Decay is inevitable and necessary. The decaying carbon fossils of deep pasts fueled the Industrial Revolution and the decay of bodies allows graveyards to recycle graves by condensing burial spaces.Footnote 35 Nevertheless, as anthropologist Ghassan Hage notes with some surprise, “Given the pervasiveness of the differential experiences of organic, physiological, physical, organizational, moral, and social decay in everyday life, it has attracted relatively little explicit social scientific attention.”Footnote 36 While categories of scholarship engage with ideas of decay—the expanding field of ruin studies, ecological discussions of decay timelines for waste, and mortality studies (to name just a few)—decay itself as a conceptual category is often an aspect, rather than the focus, of the works. The messiness and wetness of decay can challenge “our decay-phobia and denial of decay, especially in Western culture where the taboo around decay and its aesthetics is perhaps the strongest and most insidious.”Footnote 37 The still life, while invoking decay, often presents the “fruit is at the peak of its ripeness; [though] soon it will begin to rot.”Footnote 38 Decay is implied, but not seen.

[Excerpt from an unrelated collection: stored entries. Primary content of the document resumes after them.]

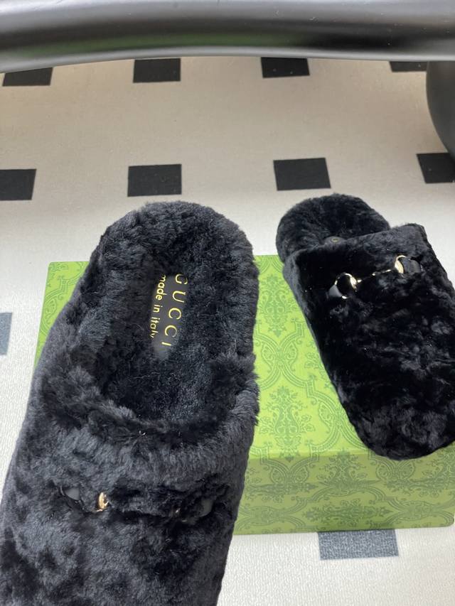 2025 Autumn/Winter New Colorway Gucci Wool Mule Shoes with Horsebit Buckle, Merino Lambswool Slippers DDD Known for its elegant silhouette, exquisite materials, and classic horsebit, this model is defined by smooth suede and a merino wool lining. DDD As an outstanding representative of design heritage, the new collection of horsebit buckle loafers vividly showcases classic elegance. These shoes feature embossed leather with the brand's iconic GG logo, achieving timeless classic appeal. The shoes are soft to the touch, with a refined and flowing silhouette, exuding everyday elegance! DDD Upper: Wool DDD Insole: Wool DDD Outsole: Leather Outsole DDD Sizes: 35-39 40, 41, 42 Custom orders are non-refundable DDD
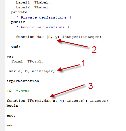 Як завжди у заголовку програми оголошуємо змінні var a, b, m: integer; Трохи вище у програмі в розділі Public записуємо рядок function Max (x, y: integer): integer; Далі натискаємо вже відому нам комбінацію клавіш Ctrl+Shift+C і спостерігаємо як створюється порожня функція. Залишилося тільки написати саму функцію. Ваша програма повинна виглядати так:
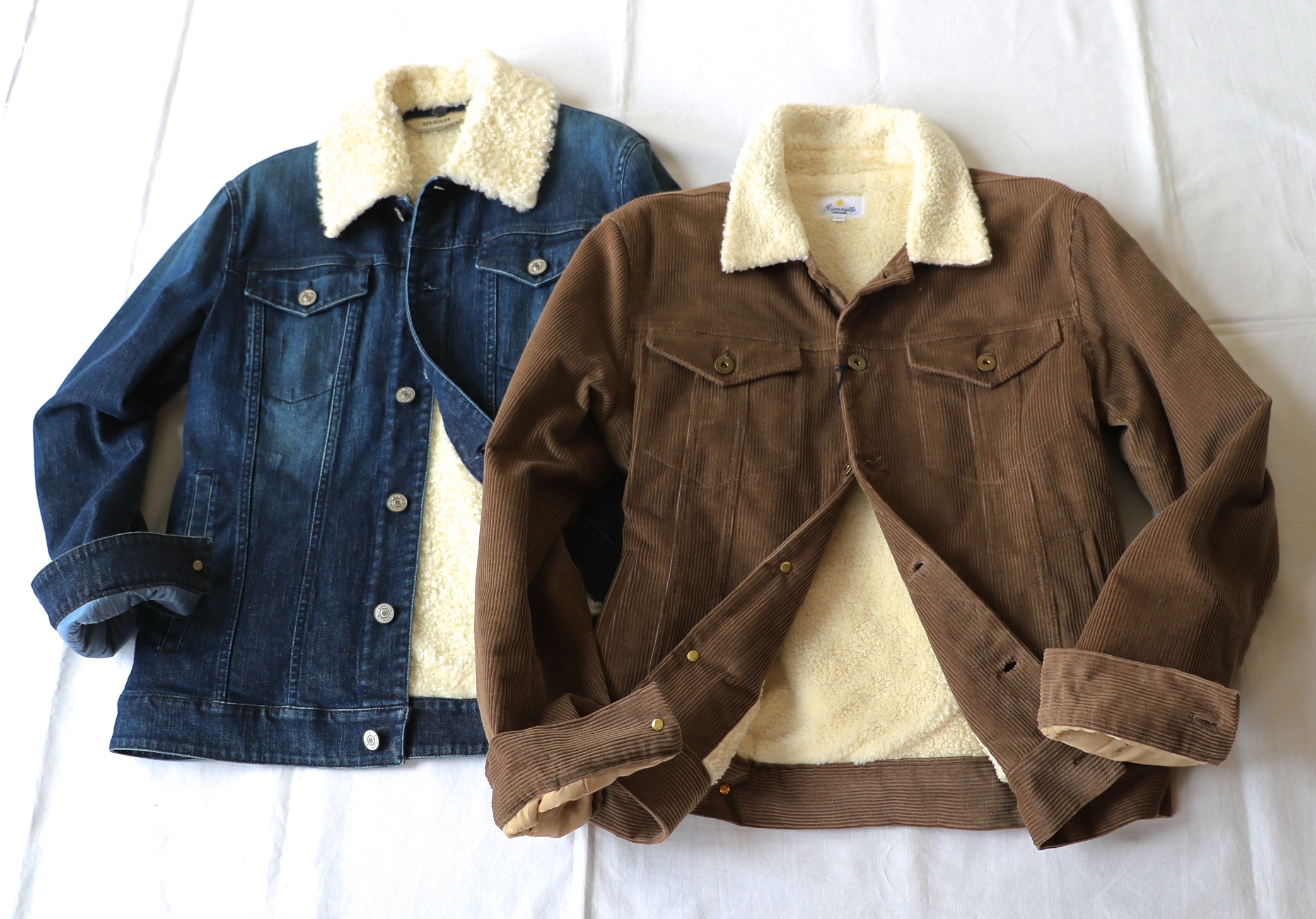 対して、ベージュのコーデュロイ(右)のGジャン型ブルゾンは、シャツファクトリーの【Giannetto/ジャンネット】のもの。両者とも、身頃の裏地はボア仕様、袖には薄い中綿が仕込まれていますので、防寒面に憂いはなさそうです。

Decay is not without its aesthetic merits, however. Ruins, shipwrecks, statues with missing limbs, and patinaed surfaces have been motifs in artworks ranging from Marco and Sebastiano Ricci’s Renaissance ruinscape of Roman statues and architectural fragments in Landscape with Classical Ruins and Figures (ca. 1725–1730) to Kathleen Ryan’s sculptural Fool’s Mold (2018), where a plastic-coated foam structure was beaded with agate, malachite, smoky quarts, Russian serpentine, and other minerals to create a pointillistic moldering lemon. Here decay is aesthetic, nostalgic, and playful; nevertheless, the works themselves are still bound together in an aesthetic of material wholeness with interventions by various curators and conservators who stave off any active rot or disintegration.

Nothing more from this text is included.